• [Given information]:

------------------------

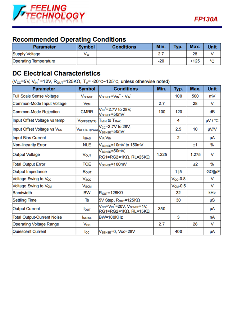 FP130A是一種寬共模范圍高側(cè)軌電流測(cè)量IC。它適用于電源系統(tǒng),如電池充電器或開(kāi)關(guān)電源的應(yīng)用。它包括一個(gè)差分輸入放大器和一個(gè)具有發(fā)射極輸出的NPN晶體管。有三個(gè)外部電阻,軌道電流信號(hào)可以很容易地轉(zhuǎn)換為IC輸出引腳的放大電壓信號(hào)。此外,還可以通過(guò)改變這三個(gè)外部電阻器的值來(lái)調(diào)整增益。
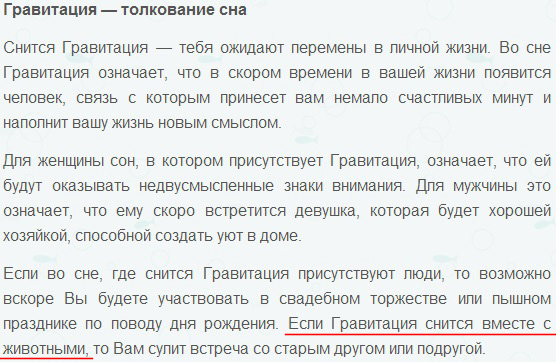 Подумаешь, гравитация... Эти сонники автоматом гребут слова из каких-то словарей - помнится, на форуме кто-то выкладывал скриншот с толкованием, к чему снится яфетидология. А самое весёлое, что мне она накануне как раз-таки и снилась - зря я читал на ночь книжку 1937 года по древней истории, выпущенную Институтом им. Марра...
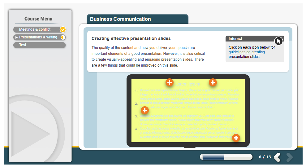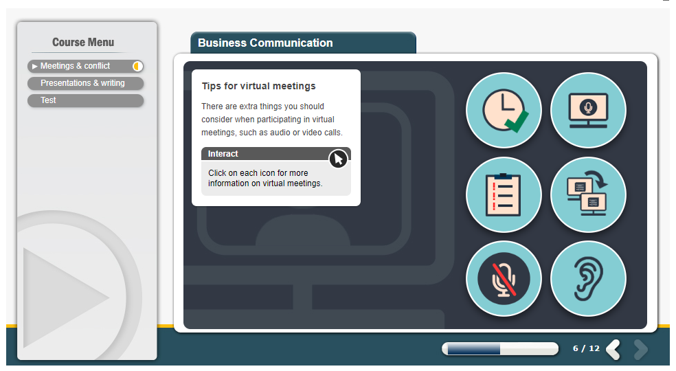 The Business Communication skills course provides advice on written communication, such as emails, as well as for virtual meetings via voice or video conferencing. This Business Communication course assumes a basic understanding of nonverbal communication skills (see our Communication Skills course for more details), and builds on this to discuss emotional intelligence, persuasion and conflict resolution. The course also describes how to prepare for a presentation so you can most effectively communicate your message to an audience.
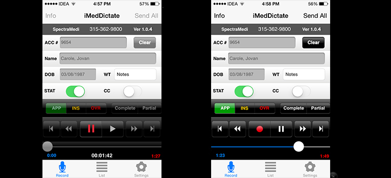 This screen will be displayed when the application is launched by tapping on the iMedDictate icon on your device.
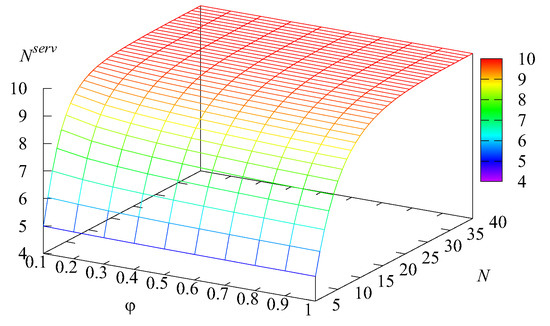 The surface showing the dependence of the cost function on the number of servers N and the impatience rate is presented in Figure 10.
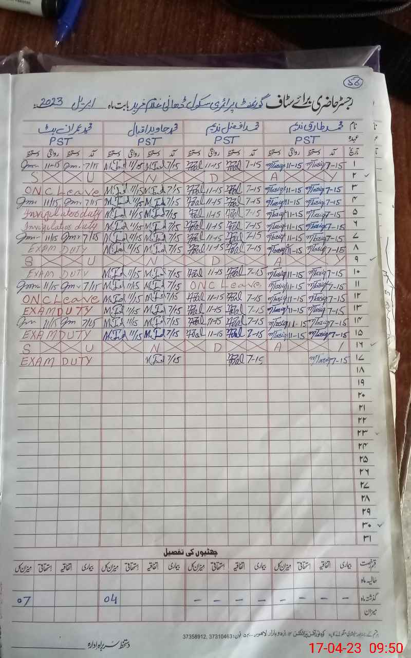 | CNIC | Full Name | Designation | R/C | Absence During Last Calender Month |
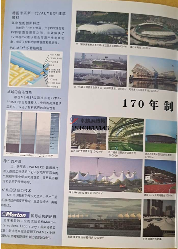 德國MEHLERHAKU米樂公司擁有165年(1837年一2003年)的制造業(yè)經(jīng)驗。通過1S09001質(zhì)量體系認證,所有產(chǎn)品均經(jīng)過嚴格的DIN德國工業(yè)標準,以及各個國家的膜材工業(yè)標準。2002年,德國米樂公司獲聘為中華人民共和國建設部《索膜建筑結構制品》行業(yè)標準編制委員成員。德國米樂的產(chǎn)品系列涵蓋環(huán)保等各種PVC膜材領域,包括:建筑工程、輕型結構、廣告、遮陽、汽艇、軍用、裝飾、水利環(huán)保,等等。
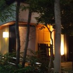 外観は古民家を思わせる平屋でライトアップされた感じが渋い。
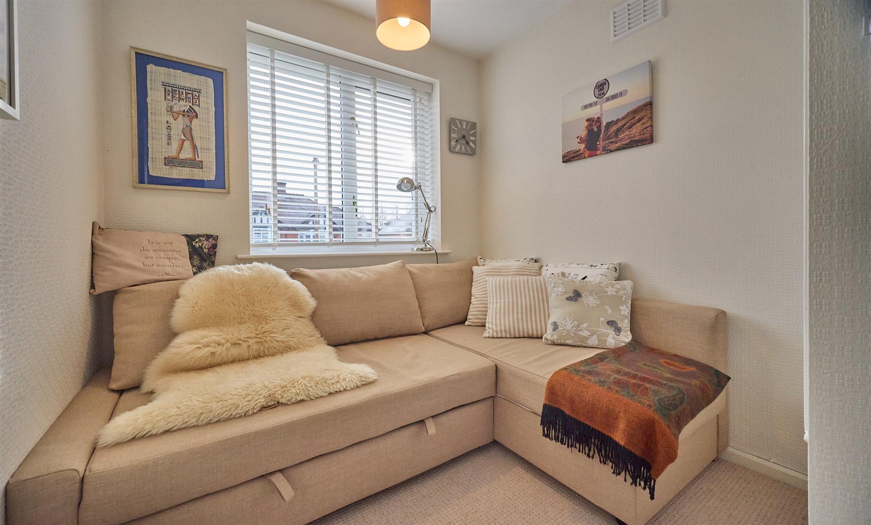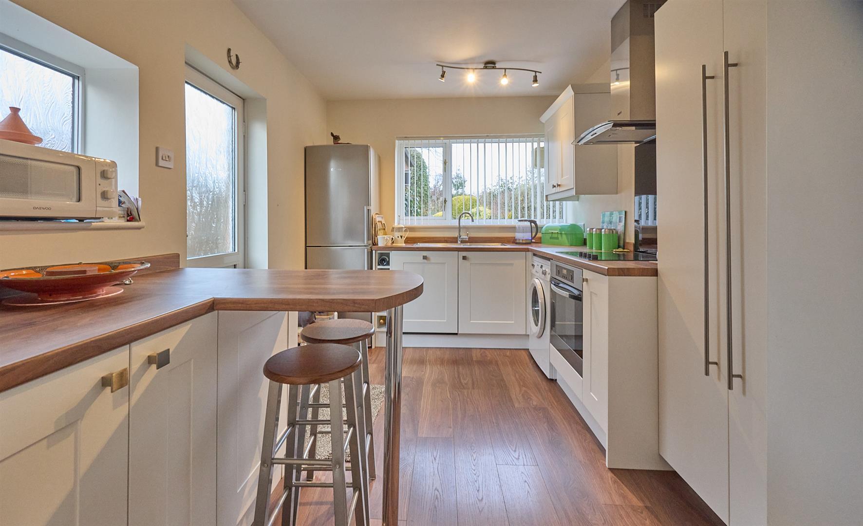 With a fashionable range of matt white fitted kitchen units with soft closed doors consisting inset single drainer stainless sink unit, cupboard beneath, further matching range of floor mounted cupboard units, contrasting walnut finished roll edge working surfaces above with inset four ring Zanussi induction hob unit, single Zanussi fan assisted oven with grill beneath. Zanussi stainless steel chimney extractor above. Matching upstands further matching range of wall mounted cupboard units, there is also one double larder cupboard., matching breakfast bar. Appliance recess points, plumbing for automatic washing machine. (The white goods are included). Radiator, luxury vinyl tile flooring, UPVC SUDG door to the side of the property.

------------------------

• [Exercise goal]: With pictures omitted, repeat the entries above word for word from the line holding "This screen will" down to the line holding "外観は古民家を思わせる平屋でライトアップされた感じが渋い。", keeping both of those lines.

• [Solution to this task]:
 This screen will be displayed when the application is launched by tapping on the iMedDictate icon on your device.
 The surface showing the dependence of the cost function on the number of servers N and the impatience rate is presented in Figure 10.
 | CNIC | Full Name | Designation | R/C | Absence During Last Calender Month |
 德國MEHLERHAKU米樂公司擁有165年(1837年一2003年)的制造業(yè)經(jīng)驗。通過1S09001質(zhì)量體系認證,所有產(chǎn)品均經(jīng)過嚴格的DIN德國工業(yè)標準,以及各個國家的膜材工業(yè)標準。2002年,德國米樂公司獲聘為中華人民共和國建設部《索膜建筑結構制品》行業(yè)標準編制委員成員。德國米樂的產(chǎn)品系列涵蓋環(huán)保等各種PVC膜材領域,包括:建筑工程、輕型結構、廣告、遮陽、汽艇、軍用、裝飾、水利環(huán)保,等等。
 外観は古民家を思わせる平屋でライトアップされた感じが渋い。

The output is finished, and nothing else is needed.